Stored data >>
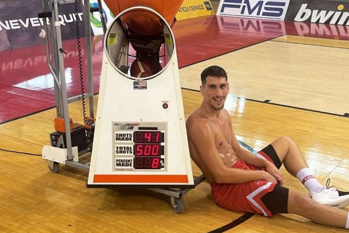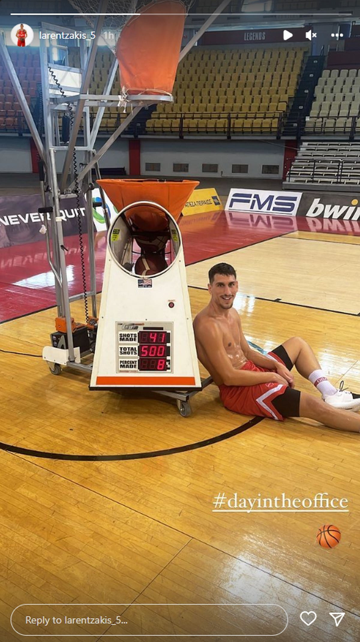 Ο Λαρεντζάκης έλιωσε στην προπόνηση στο ΣΕΦ και το μηχάνημα για τα σουτ τον… τρόλαρε
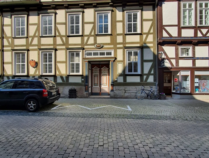 Kostenpflichtige Parkplätze befinden sich auf dem Schlossplatz, ca. 250 entfernt.
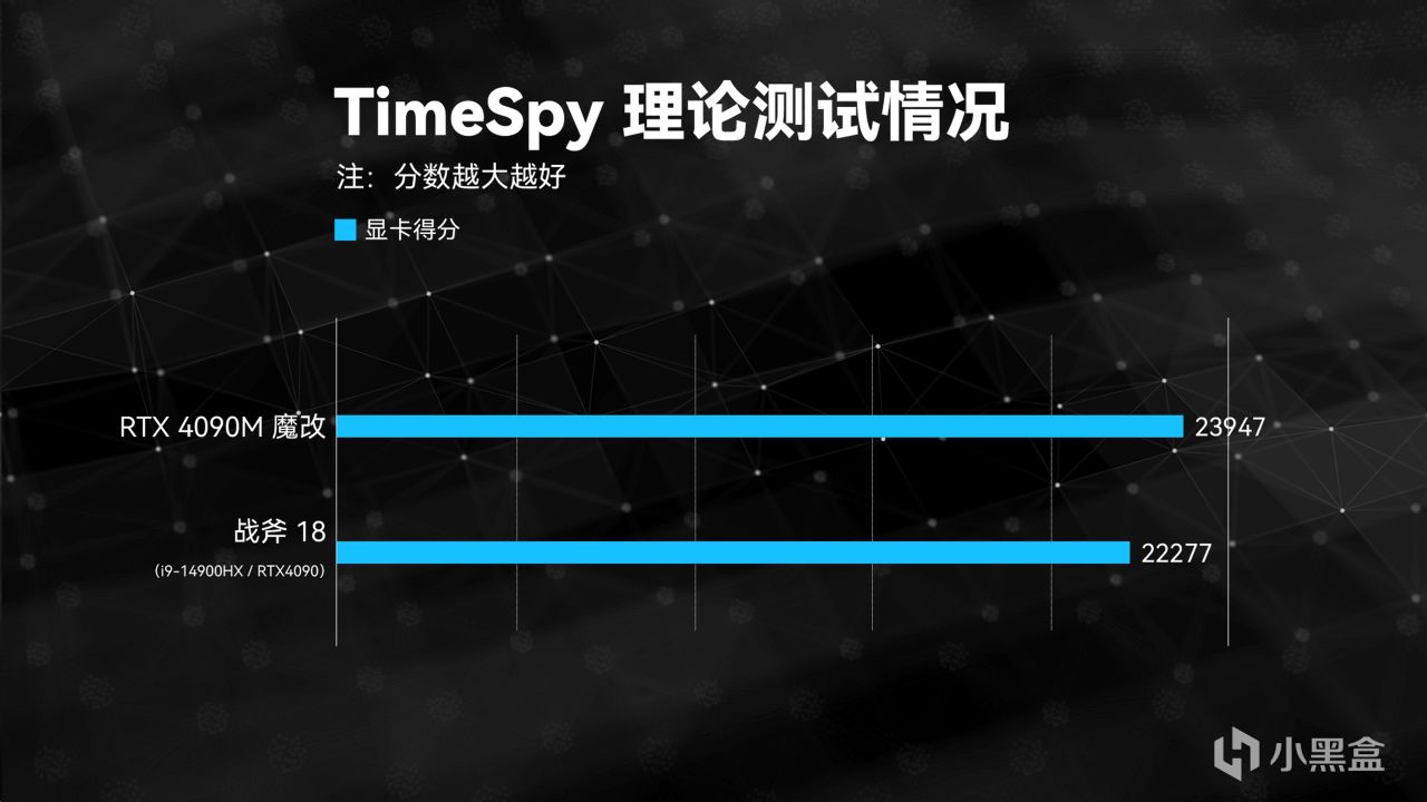 那麼,我們首先來看看這張魔改的RTX 4090M在理論測試中的表現情況吧,在TimeSpy中魔改的4090M最終是獲得了23947的得分,對比此前測試過的戰斧18的22277的得分,差距在7%左右。
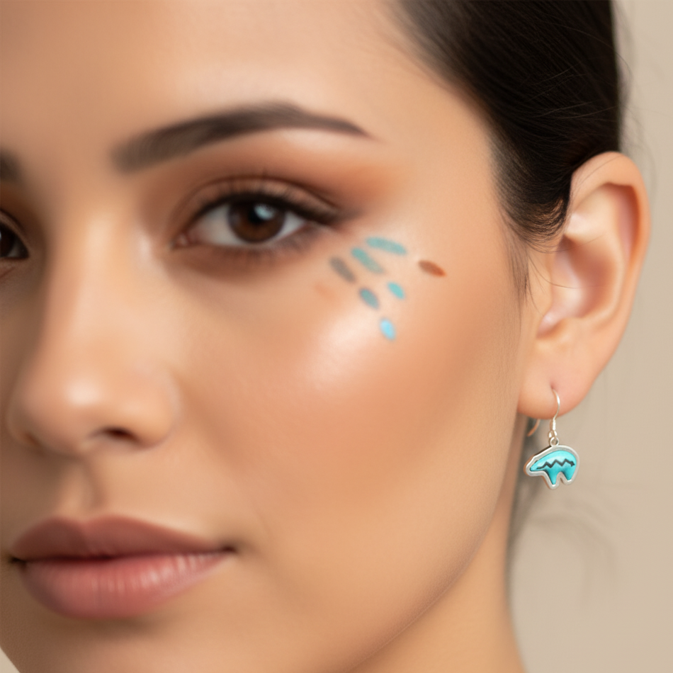 This coordinated set features a symbolic bear-heartline pendant on a sleek box chain with matching dangle earrings. Vivid turquoise is framed by polished sterling silver for crisp contrast and everyday shine. The hooks are made of sterling silver.
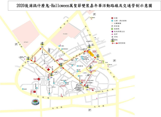 金城鎮公所將於明(31)日下午5時30分至9時30分在金城鎮北鎮廟至中興路146巷口舉辦「2020後浦搞什麼鬼-Halloween萬聖節變裝嘉年華活動」,並於金城市區進行踩街活動。因應活動可能帶來之人潮與車潮,金門縣警察局金城分局將於活動周邊道路實施交通疏導管制工作,以維道路之行車順暢及人車安全,分局長胡淑淨並呼籲前往參與之民眾及行經該路段之駕駛人配合員警之指揮。 當日活動交通疏導管制措施如下: 一、第一階段:變裝踩街嘉年華(如交通疏導崗示意圖) (一)時間:109年10月31日下午6時30分至7時30分。 (二)地點:金城市區街道(集結時間下午5時50分~6時20分)。 (三)踩街路線:北鎮廟(舞台)出發-珠浦北路5巷-模範街-貞節牌坊-莒光路-中興路-光前路(城隍廟)-民權路-莒光路-中興路-北鎮廟(舞台)終點。 (四)由交通管制人員依踩街隊伍行進路線,管制車輛進入。 二、第二階段:萬聖變裝才藝大賽 (一)時間:109年10月31日下午7時30分至10時。 (二)中興路146巷與民生路9巷口舞台前。 (三) 車輛(含汽機車)一律禁止進入會場(救護車及消防車除外)。 三、道路轉彎處、路口禁止停放車輛及嚴禁雙邊停放車輛。
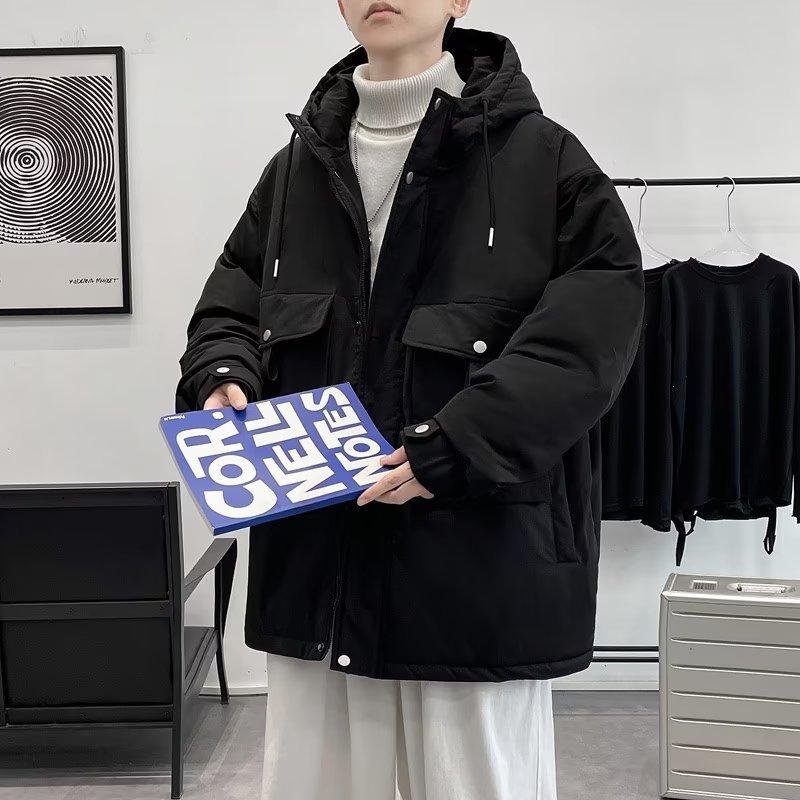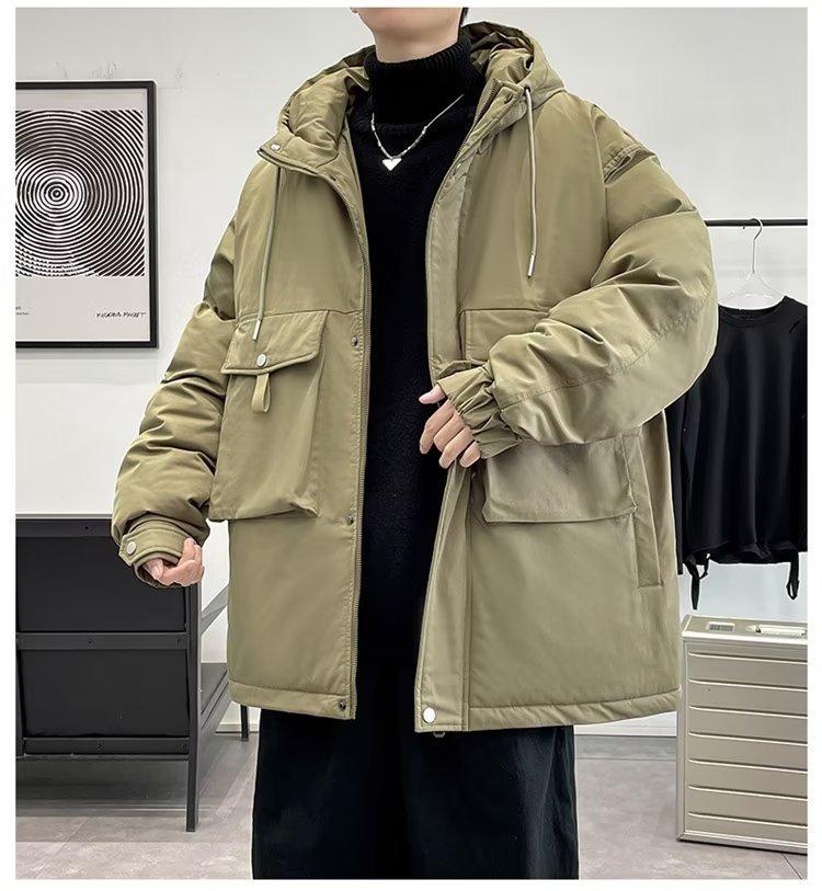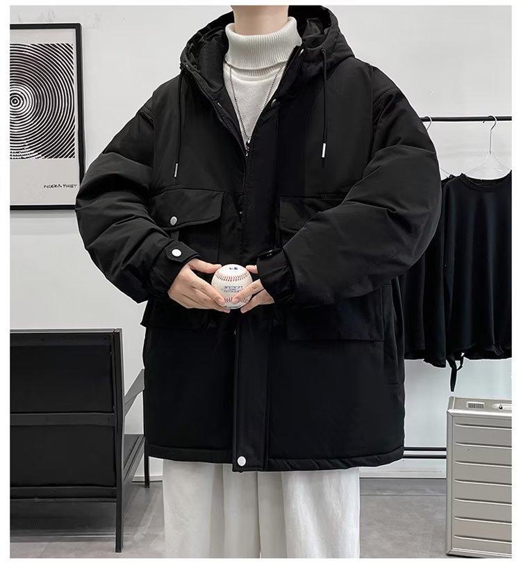 Jaqueta masculina com capuz casaco acolchoado de algodão inverno engrossado casal casaco acolchoado de algodão novo casaco guaxinim de alta qualidade workwear
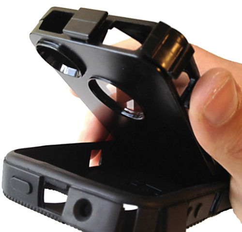 Skalet är tredelat, med ett plastskal i polykarbonat, ett silikonhölje runtom plastskalet och ett ClipStand-hölster som du kan fästa skalet i och hänga på bältet. På baksidan av skalet är gummit mönstrat vilket gör att det inte glider lika lätt, något många konkurrenter har missat.
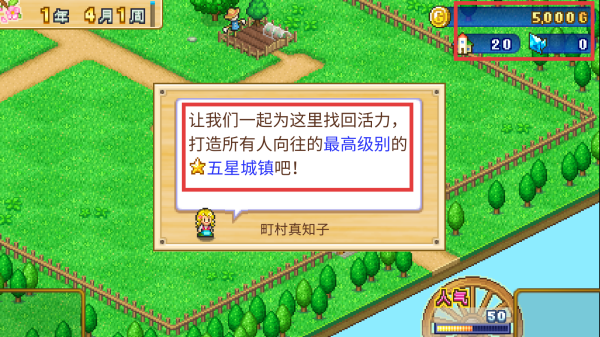1、游戏目标是打造最高级别的★五星城镇,留意屏幕上方资源(金币5000G等),合理规划使用。
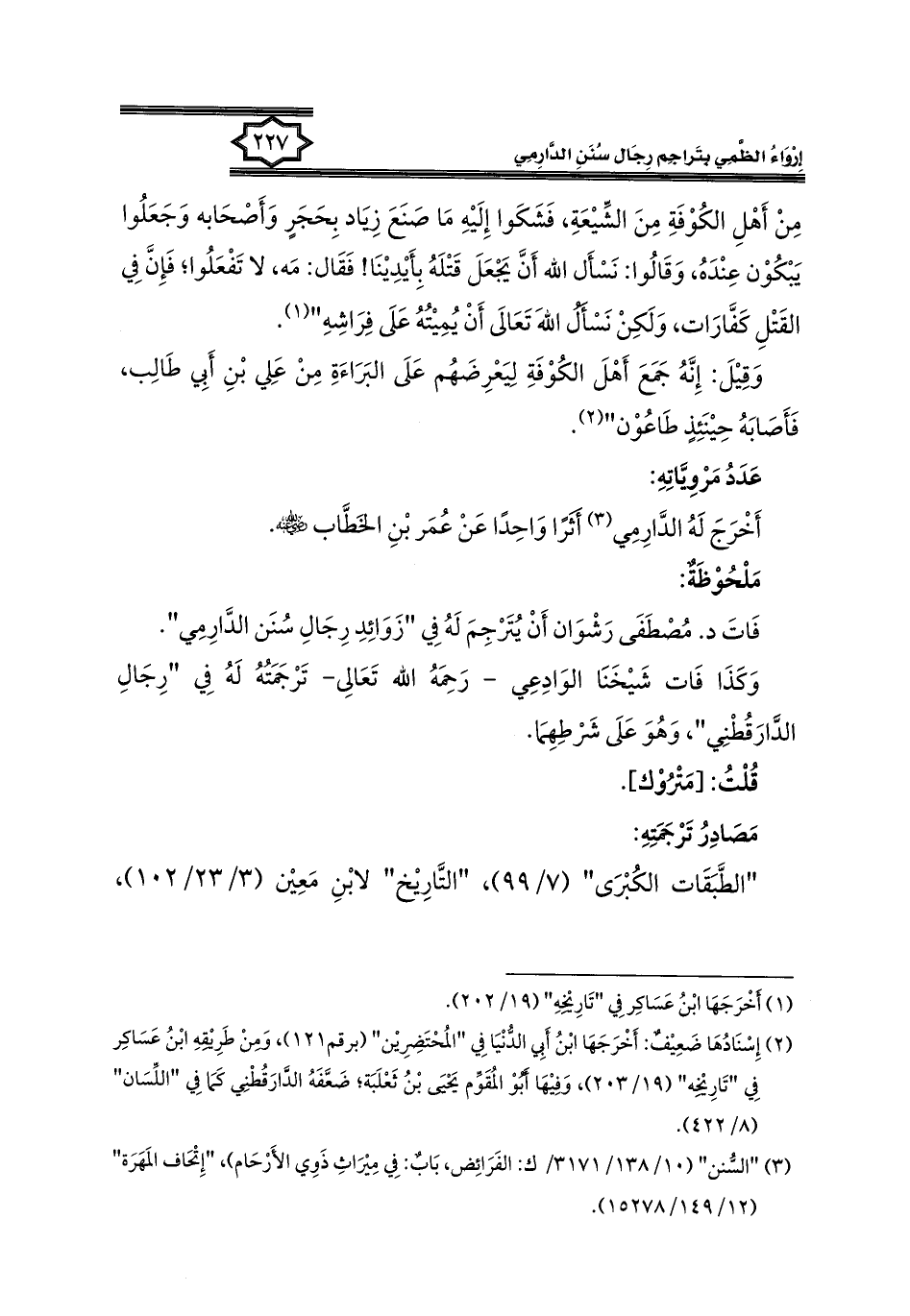كتاب إرواء الظمي بتراجم رجال سنن الدارمي
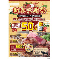 1月10日(土)~12日(月)にて「新春感謝祭」を開催。「サーロインステーキ」を、お値段そのまままで、通…
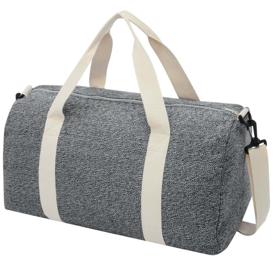 Sportovní taška vyrobená ze směsi recyklované bavlny a polyesteru s nastavitelným ramenním popruhem. Recyklovaná bavlna pochází z výrobního odpadu textilních továren, vznikajícího během procesu řezání. Látka z materiálů podobných barev,...
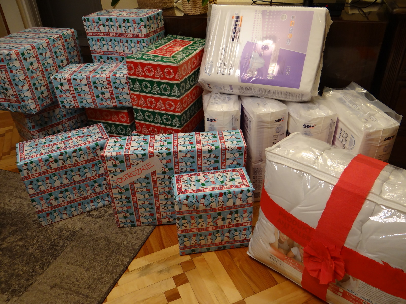 W paczce pani Katarzyny znalazł się grzejnik elektryczny, który pozwoli jej ogrzać zimną łazienkę, zapas żywności, który wystarczy na kilka dobrych miesięcy i pomoże zaoszczędzić pieniądze na potrzebne leki, środki pielęgnacyjne, opatrunki, bandaże, pampersy, środki czystości, ciepła odzież na zimę, kołdra, pościel, ręczniki, czajnik elektryczny, który bezpiecznie sam się wyłączy po zagotowaniu wody (dla osoby, która ledwo się porusza o dwóch kulach jest to duże ułatwienie). Pani Katarzyna zapytana o jakim upominku świątecznym marzy odpowiedziała, że o mikserze, którego nigdy nie miała i zawsze wszystko robiła ręcznie, a teraz obolałe i powykrzywiane reumatyzmem ręce już jej na to niestety nie pozwalają. Możecie sobie wyobrazić jak zaświeciły się jej oczy gdy znalazła mikser w swojej paczce.
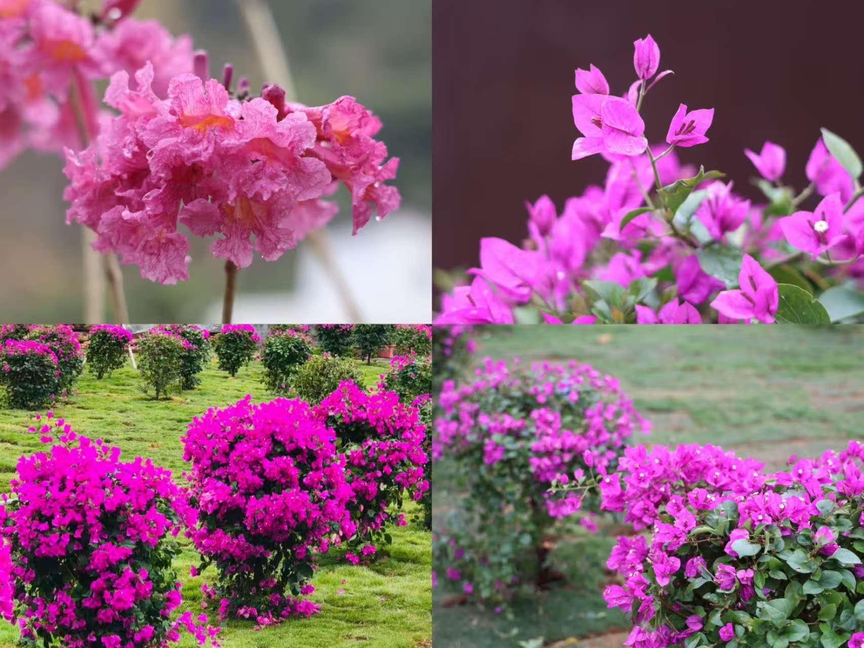 万紫千红——春日的三角梅、紫花风铃木正陆续绽放,点缀出湿地的缤纷色彩。
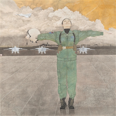 “第五届全国中国画展览”上的中国画《当代巾帼》,作者曹晶。

Work instructions >>
Copy exactly the lines of the listing above between the one holding "This coordinated set" and the one holding "1、游戏目标是打造最高级别的", inclusive; omit all pictures.

Answer section >>
 This coordinated set features a symbolic bear-heartline pendant on a sleek box chain with matching dangle earrings. Vivid turquoise is framed by polished sterling silver for crisp contrast and everyday shine. The hooks are made of sterling silver.
 金城鎮公所將於明(31)日下午5時30分至9時30分在金城鎮北鎮廟至中興路146巷口舉辦「2020後浦搞什麼鬼-Halloween萬聖節變裝嘉年華活動」,並於金城市區進行踩街活動。因應活動可能帶來之人潮與車潮,金門縣警察局金城分局將於活動周邊道路實施交通疏導管制工作,以維道路之行車順暢及人車安全,分局長胡淑淨並呼籲前往參與之民眾及行經該路段之駕駛人配合員警之指揮。 當日活動交通疏導管制措施如下: 一、第一階段:變裝踩街嘉年華(如交通疏導崗示意圖) (一)時間:109年10月31日下午6時30分至7時30分。 (二)地點:金城市區街道(集結時間下午5時50分~6時20分)。 (三)踩街路線:北鎮廟(舞台)出發-珠浦北路5巷-模範街-貞節牌坊-莒光路-中興路-光前路(城隍廟)-民權路-莒光路-中興路-北鎮廟(舞台)終點。 (四)由交通管制人員依踩街隊伍行進路線,管制車輛進入。 二、第二階段:萬聖變裝才藝大賽 (一)時間:109年10月31日下午7時30分至10時。 (二)中興路146巷與民生路9巷口舞台前。 (三) 車輛(含汽機車)一律禁止進入會場(救護車及消防車除外)。 三、道路轉彎處、路口禁止停放車輛及嚴禁雙邊停放車輛。
 Jaqueta masculina com capuz casaco acolchoado de algodão inverno engrossado casal casaco acolchoado de algodão novo casaco guaxinim de alta qualidade workwear
 Skalet är tredelat, med ett plastskal i polykarbonat, ett silikonhölje runtom plastskalet och ett ClipStand-hölster som du kan fästa skalet i och hänga på bältet. På baksidan av skalet är gummit mönstrat vilket gör att det inte glider lika lätt, något många konkurrenter har missat.
1、游戏目标是打造最高级别的★五星城镇,留意屏幕上方资源(金币5000G等),合理规划使用。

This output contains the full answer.